2. Despite their challenges, most Appalachian hillbillies have redeeming qualities including family loyalty, love for one another, and inner strength.
3. Substance abuse has had a debilitating effect on hillbilly families.
4. Divorce, cohabitation, and remarriage are devastating for the children of the family.
5. Upward mobility is possible for young people raised in the hillbilly culture however for many, it isn’t likely.
Hillbilly Elegy – Buy From Amazon
Please consider using my Amazon affiliate links when you shop at Amazon. It seriously makes a big difference in my life. I’m a senior citizen living alone and the money I get from affiliate links goes directly to helping me pay bills.
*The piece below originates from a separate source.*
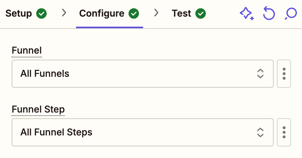 The options you see under “Configure” will differ depending on the app you’re using. It’s usually where you select which funnels or pages you want to be included in this trigger.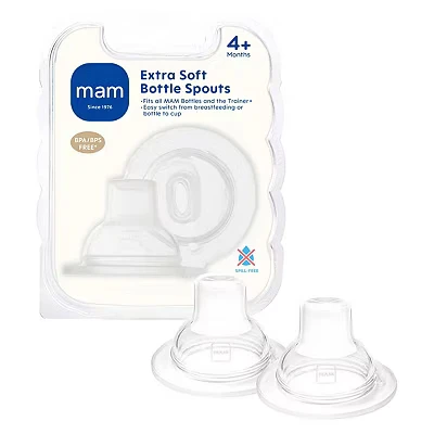 MAM Extra Soft Bottle Spouts, Suitable for 4+ Months, Teats with SkinSoft Silicone, Fits all Baby Bottles, Feeding Essentials, Pack of 2

If you haven’t read Hillbilly Elegy yet, be assured I have read it and recommend it. I was enticed to read it because I know some of my ancestors lived in the Appalachian Mountains. Also, I love Appalachian music – so learning about the people of that area was a special blessing for me, and I hope it will be, for you.
The first paragraph of Hillbilly Elegy
Like most small children, I learned my home address so that if I got lost, I could tell a grown-up where to take me. In kindergarten, when the teacher asked me where I lived, I could recite the address without skipping a beat, even though my mother changed addresses frequently, for reasons I never understood as a child. Still, I always distinguished “my address” from “my home.” My address was where I spent most of my time with my mother and sister, wherever that might be. But my home never changed: my great-grandmother’s house, in the holler, in Jackson, Kentucky.” – JD Vance
J.D. Vance’s writing style in Hillbilly Elegy
J.D. Vance’s sparse, conversational writing style is not only easy to read and understand, it also brings clarity into many complex social issues he covers in the course of telling his own story of growing up as a child born to a hillbilly family.
Videos about Hillbilly Elegy
This is a playlist I put together on YouTube. There are 10+ videos so far, and if you let it continue to play, it will keep going on its own for several hours!
My experience of reading Hillbilly Elegy
I listened the the audiobook version of Hillbilly Elegy – narrated by the author himself. Very well done! It took only a couple days to get through the book, because I always wanted to know more. I love well-written memoirs.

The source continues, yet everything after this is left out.